Write out exactly the lines from the one containing "第一个例子,我们就说一个偶数" to the end of the material, both ends included, and nothing else. Leave pictures out.

**Data below:**
»»
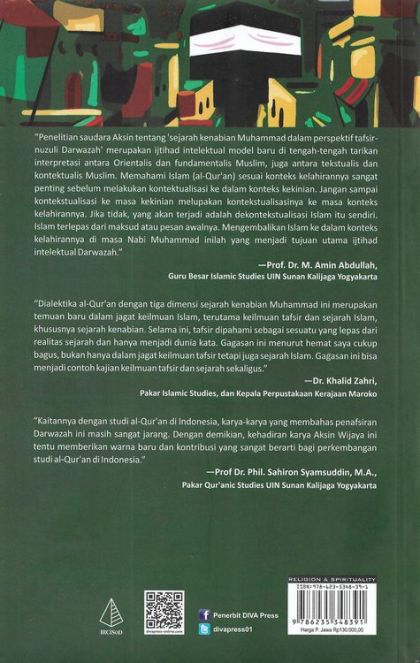 “Penelitian saudara Aksin tentang ‘sejarah kenabian Muhammad dalam perspektif tafsir-nuzuli Darwazah’ merupakan ijtihad intelektual model baru di tengah-tengah tarikan interpretasi antara Orientalis dan fundamentalis Muslim, juga antara tekstualis dan kontektualis Muslim. Memahami Islam (al-Qur’an) sesuai konteks kelahirannya sangat penting sebelum melakukan kontektualisasi ke dalam konteks kekinian. Jangan sampai kontekstualisasi ke masa kekinian melupakan kontekstualisasinya ke masa konteks kelahirannya. Jika tidak, yang akan terjadi adalah dekontekstualisasi Islam itu sendiri. Islam terlepas dari maksud atau pesan awalnya. Mengembalikan Islam ke dalam konteks kelahirannya di masa Nabi Muhammad inilah yang menjadi tujuan utama ijtihad intelektual Darwazah.”—Prof. Dr. M. Amin Abdullah, Guru Besar Islamic Studies UIN Sunan Kalijaga Yogyakarta “Dialektika al-Qur’an dengan tiga dimensi sejarah kenabian Muhammad ini merupakan temuan baru dalam jagat keilmuan Islam, terutama keilmuan tafsir dan sejarah Islam, khususnya sejarah kenabian. Selama ini, tafsir dipahami sebagai sesuatu yang lepas dari realitas sejarah dan hanya menjadi dunia kata. Gagasan ini menurut hemat saya cukup bagus, bukan hanya dalam jagat keilmuan tafsir tetapi juga sejarah Islam. Gagasan ini bisa menjadi contoh kajian keilmuan tafsir dan sejarah sekaligus.” —Dr. Khalid Zahri, Pakar Islamic Studies, dan Kepala Perpustakaan Kerajaan Maroko “Kaitannya dengan studi al-Qur’an di Indonesia, karya-karya yang membahas penafsiran Darwazah ini masih sangat jarang. Dengan demikian, kehadiran karya Aksin Wijaya ini tentu memberikan warna baru dan kontribusi yang sangat berarti bagi perkembangan studi al-Qur’an di Indonesia.” —Prof Dr. Phil. Sahiron Syamsuddin, M.A., Pakar Qur’anic Studies UIN Sunan Kalijaga Yogyakarta
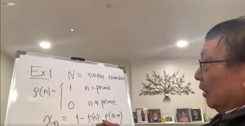 第一个例子,我们就说一个偶数N(一个比较大的偶数),我们用ρ(n)定义这个素数的特征函数,都是定义在正整数上。
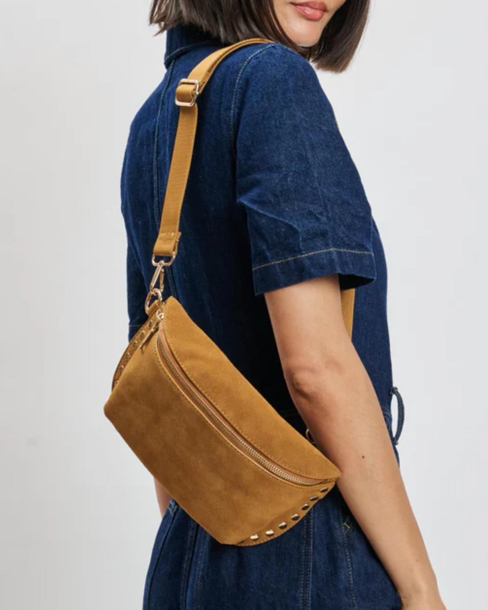 Step out in style with the Gizelle Suede Belt Bag—where chic meets convenience for the woman on the move. With its studded flair and versatile straps, it’s your perfect partner from sunrise to sunset.
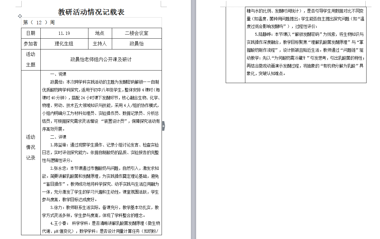 (品牌建设)构建生长课堂2025-2026第一学期中学理化生组第七次教研活动——政晨怡老师组内公开课及研讨
««
**Result for this task:**
 第一个例子,我们就说一个偶数N(一个比较大的偶数),我们用ρ(n)定义这个素数的特征函数,都是定义在正整数上。
 Step out in style with the Gizelle Suede Belt Bag—where chic meets convenience for the woman on the move. With its studded flair and versatile straps, it’s your perfect partner from sunrise to sunset.
 (品牌建设)构建生长课堂2025-2026第一学期中学理化生组第七次教研活动——政晨怡老师组内公开课及研讨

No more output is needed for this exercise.